Connect nearby nodes in geographic graph network

89 Views Asked by At

I'm building a graph network of rivers. So far, I've created a networkx graph of lat/lon points on rivers. Each river has edges between it's points. However, no edges exist between different rivers in my dataset. Now I want to connect rivers that geographically intersect, so for example here: enter image description here

I want to add an edge at the red arrow between the end node on the Missouri river and the nearest node on the Mississippi river.

How can this be accomplished? I could iterate through every pair of nodes, calculate their great-circle distance, and add an edge if it's under the distance limit. This could work but seems slow and I wonder if there's a more built-in way to do this?

2

There are 2 best solutions below

0
Paul Brodersen On
  1. You only need to check the leaves of each component (=river), i.e. nodes with degree 1 (i.e. the endpoints of each river arm). If the graph is directed, you can further restrict your search to nodes with either in-degree 1 or out-degree 1, depending how the directionality of the edges corresponds to the directionality of the rivers.
my_leaves = [node for node in G if G.degree(node) == 1]  
  1. You can use scipy.spatial.KDTree.query_ball_point to efficiently find all other nodes within a specified distance. Then select the nearest node that is not part of the same component as the leaf.
tree = KDTree(my_node_positions)
neighbours = tree.query_ball_point(my_leaf_node_positions, radius=my_cutoff)
0
ravenspoint On

The snag is that the node on the end of one river might not be 'close' to any node on the other river.

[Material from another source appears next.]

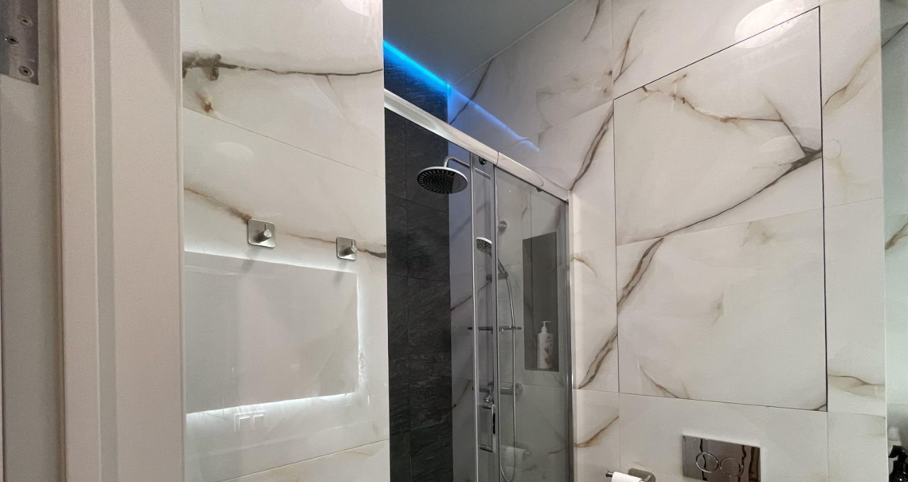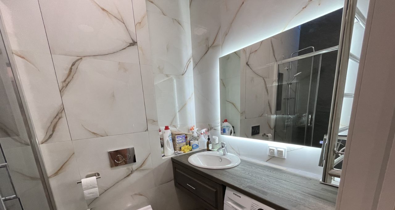 В санузле душ в нише, стиральная машина Самсунг, инсталляция и большое зеркало.

Like this:

enter image description here

So you must check every leaf node for its distance from the line between every pair of nodes on other rivers.

The algorithm for calculating the distance of a point from a line segment is easily found by googling. Note that you do not need any fancy great circle distance calculations - the distances you are interested in finding are sufficiently approximated by assuming a flat plane.

If you have a very large dataset, like maybe all the rivers in North America, you will need to prune the line segments you will check to those in the approximate neighborhood - this can be done by using a quadtree ( see https://github.com/JamesBremner/quadtree )

Alternative Approach

Preprocess your dataset, adding nodes along the lines between nodes that are far apart so that no node is no more than a specified distance from any possible merge point. This makes the finding of the merge point simpler by looking only at node-node distances rather than node-line segment distances. If you need to this a lot then the cost of pre-processing and the storage for the extra nodes might be worthwhile - however, I cannot image why you would need to this more than once.